Festival Diary: A star-studded Auckland Writers Fest
For many readers and writers the Auckland Writers Festival is a sparkling event that they look forward to all year. In 2025, this past weekend, floods of people crowded into the Aotea Centre to hear international and local authors speak. We asked several festival goers to give us a rundown of events they attended with Aotearoa’s authors, highlighting their favourite moments.

Festival Gala Night: The Moment I Knew
The festival’s beloved opening night event follows the same format each year. Eight writers are given a topic – this year’s was The Moment I Knew – and eight minutes of time, the Kiri Te Kanawa theatre stage looking out to a full audience of 2100 people, and a microphone. Entertain, awe, effect, break hearts: the writers do all of this, often in the same speech. This year, with the event emcee'd by Miriama McDowell, local authors Meg Mason, Ngāhuia te Awekōtuku (Te Arawa, Tūhoe, Ngāpuhi, Waikato) and Zech Soakai performed alongside 5 international superstars (Colm Tóibín, Harriet Walter, David Nicholls, Stan Grant and Lemn Sissay). Meg Mason, author of the phenomenally popular Sorrow and Bliss, was up first. Speaking on a moment in the wings at last year’s AWF, she kept the audience in swathes of laughter, recounting the conversation she had with the stage manager, a friend of hers from her hometown, and Ann Patchett. The moment of connection helped her come back to her draft book in progress and write fluidly again. Zech Soakai performed spoken word, musing on fatherhood and the moment when he realised he had become his father. Ngāhuia te Awekōtuku was vulnerable with a hint of cheekiness as she recounted her moment, how she knew she didn’t want to have the adornments her cousins spent so much time on, rather that she wanted to be with a woman.
The night was concluded by Colm Tóibín, who had the audience in stitches with a story of being an altar boy: communion, the blood and body of Christ, the wafer, placing it on the tongues of the congregation, the differences in the tongues and throats of every person, the realisation that every person would also be different… elsewhere.
A Big Night Out for Little Bookworms

Friday night and it’s an early start for a younger audience. Even before host Kura Forrester walks out onto the Herald Theatre stage, everyone is having a good time. Throughout, there is a fun, theatrical vibe – perhaps because performing is so often part of the work of being a writer for kids.
Steph Matuku (Migration) is up first, taking suggestions for the story she’s going to write, on stage at her laptop over the rest of the evening. She’s given a main character (Aroha), an item (a time machine watch), a villain (Chad Donaldson) by some enthusiastic participants. Steph sits down and starts to type.
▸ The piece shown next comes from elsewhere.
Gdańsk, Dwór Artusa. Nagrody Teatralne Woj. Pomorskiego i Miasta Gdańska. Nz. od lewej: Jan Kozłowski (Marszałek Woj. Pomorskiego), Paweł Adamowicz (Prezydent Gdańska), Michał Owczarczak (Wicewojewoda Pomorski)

Illustrators Toby Morris (Capsicum, Capsi Go) and Alba Gil Celdrán (17 Kings and 42 Elephants) arrive, donning digital drawing gloves for a five-minute illustration competition. Kura Forrester takes suggestions from the assembled kids, whose imaginations are sharp. They decide the pair should draw an overwhelmed platypus, dressed as a Tasmanian devil-butler. The results are impressive but the kids judge Toby Morris’ picture the winner.
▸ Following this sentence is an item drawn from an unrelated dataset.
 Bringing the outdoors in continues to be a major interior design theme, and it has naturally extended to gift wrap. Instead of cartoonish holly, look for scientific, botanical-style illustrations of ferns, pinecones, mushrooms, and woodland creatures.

Then, Anders Sparring and Per Gustavsson arrive as their characters the Pinchers. ‘You’re dressed as robbers,’ one kid yells, warning us not to give our things over to the pair for pinching. Next, ten children come to the stage to write a ten word story for the Book Factory, a project set up in Aotea Square and active over the festival weekend.
Gavin Bishop, the Festival’s 2025 Honoured Writer, reads Little Rabbit and the Sea. It’s a warm, calm antidote to the earlier mania, bringing us closer to what, for much of this audience, will soon be bedtime.
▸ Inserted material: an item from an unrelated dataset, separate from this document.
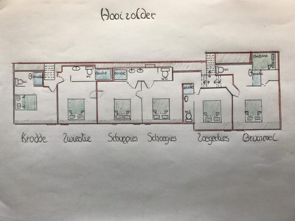 Kamers Krodde, Zwientie en Schuppies & Schoegies zijn meer geschikt voor de deelnemers die 's avonds nog graag gezelschap en gezelligheid opzoeken (ivm geluid vanuit de woonkamer).

And the finale: Steph Matuku’s story. It’s a cracker (Chad Donaldson: boo hiss, he’s dastardly). The audience is awed by the fact she really has written it on stage over the last hour. It’s been an evening of intense imagination – not just from the talented authors and illustrators but from the kids raising hands (and yelling out) to offer ideas. It’s the first time the Festival has held an opening event specifically for children. It won’t be the last.
Kirsteen Ure
Ruth Shaw: A Life at the End of the World. Chaired by Elizabeth Easther.
Ruth Shaw’s tenacity and storied life were on full display in her delightful conversation —bookended by tears from both women on stage — with actor and playwright, Elisabeth Easther.
Having collected her first library at age 7, it is no surprise to learn that if you want to know how Ruth’s survived the many ‘rutted roads’ since, all you need do is read her work; reading and writing is how she ‘escaped the harm’. Throughout the session she notes books worth reading (The Monkeywrench Gang by Edward Abbey, How to Walk a Dog by Mike White, and David Attenborough’s forthcoming Ocean), books not worth reading (cowboy stories) and tips for reviving a worn-out copy (a spot of beeswax turpentine on a soft cloth). Her laughter is cheeky and her wisdom open-hearted — it is the kind that comes from knowing the dark.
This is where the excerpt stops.